Researchers discover new strategy to treat brain cancer patients
Researchers discover new strategy to treat brain cancer patients

A team of investigators has uncovered a potentially promising strategy to target brain tumours -- isocitrate dehydrogenase (IDH) genes, which are the most common brain tumours diagnosed in younger adults aged 18 to 45 years.

Led by investigators at Massachusetts General Hospital, the finding of their study are published in Cancer Discovery, a journal of the American Association for Cancer Research.

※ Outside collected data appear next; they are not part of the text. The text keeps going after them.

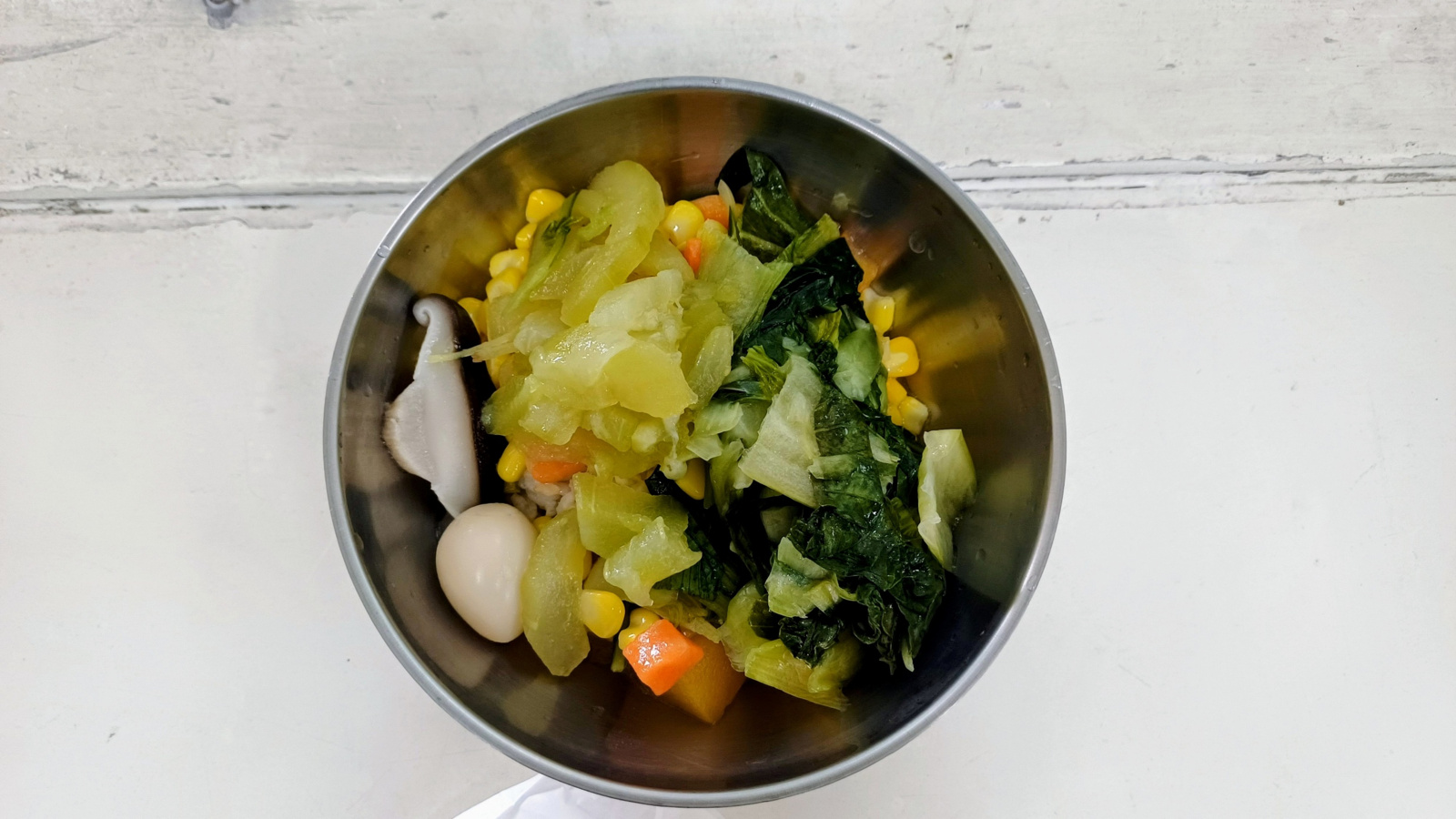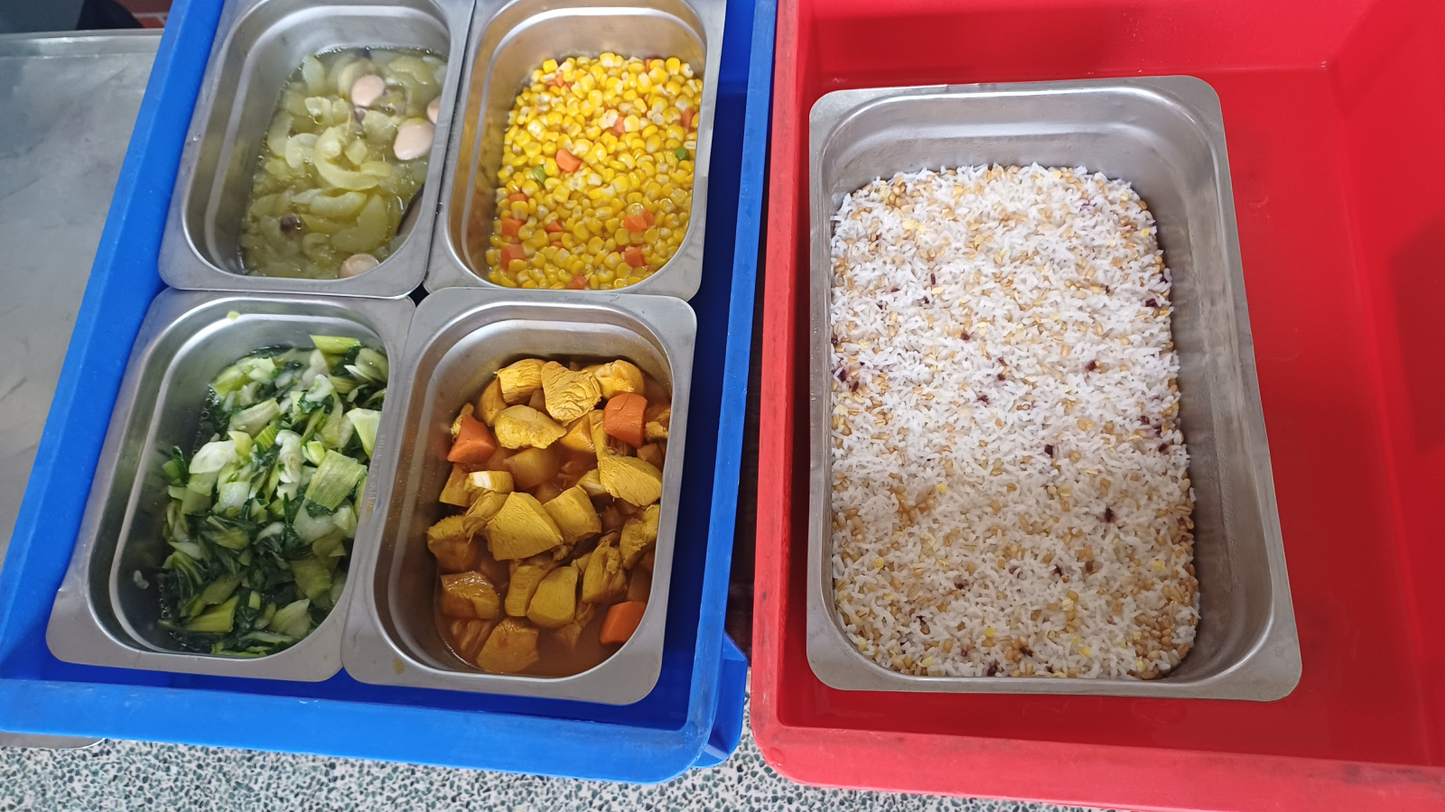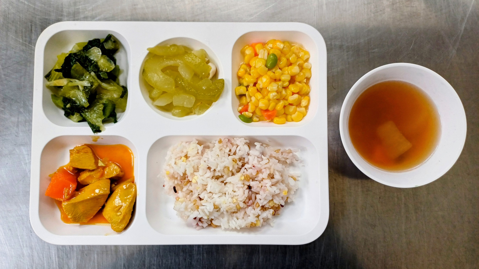 圖說:今日菜色為多穀飯、咖哩雞、黃瓜鴿蛋、三色玉米、青江菜,另有紅燒豬肉湯。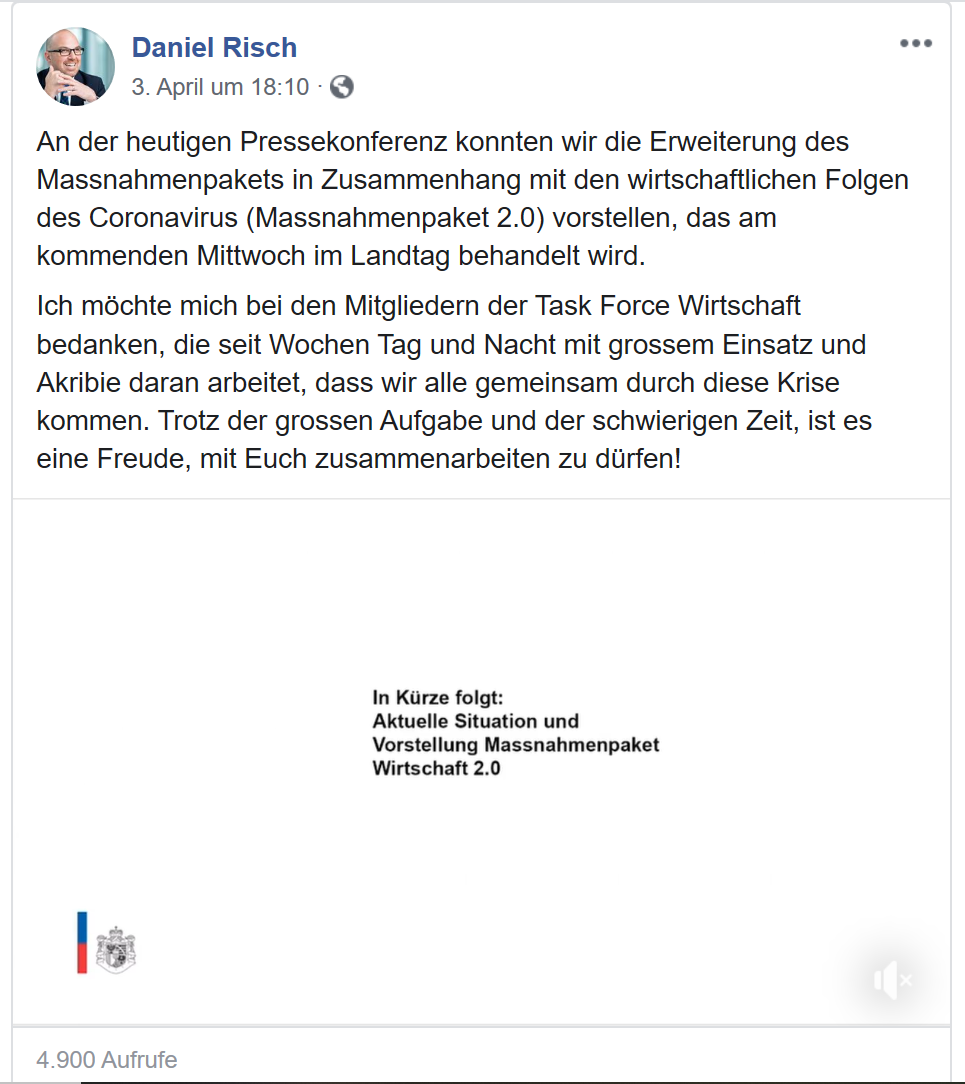 8. Mai 202015. Mai 2020 AbstimmungSM_48 Liechtensteiner Vaterland berichtet live von Pressekonferenz am 03.04.20, ab 07:49 wird berichtet, dass Abstimmung verschoben wird SM_45 geteilt durch Daniel Risch Video: SM_53
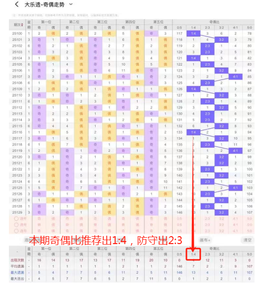 4、奇偶比:上期开出3个奇数03 09 35,出2个偶数14 28,奇偶比为3:2,整体看奇数强势,本期重点看偶数出号,本期推荐出2:3,防守出1:4。

Prior work by the group, led by Mass General's Daniel Cahill, MD, PhD, Hiroaki Wakimoto, MD, PhD, and Julie Miller, MD, PhD, revealed that IDH mutant gliomas have a metabolic weakness making them especially susceptible to treatments that lower NAD+ levels, a ubiquitous and vital metabolic molecule commonly thought of as the "currency of metabolism" in cells.

Also, previous work by other researchers found that chemotherapy activates an enzyme that stimulates NAD+ molecules to join together to make poly (ADP-ribose), or PAR, a key DNA damage signal.

This PAR signal is a known susceptibility in IDH mutant gliomas.

Researchers also discovered that activation of the enzyme by chemotherapy causes available NAD+ to be critically depleted for the production of PAR in IDH mutant glioma cells, but not normal cells.

These findings indicated that maintaining high PAR levels (and low NAD+ levels), in combination with chemotherapy, may uniquely target IDH mutant glioma cells.

Considering this, Hiroaki Nagashima, MD, PhD, research fellow and lead author, devised a new treatment strategy and tested it in tumour cells and animal models.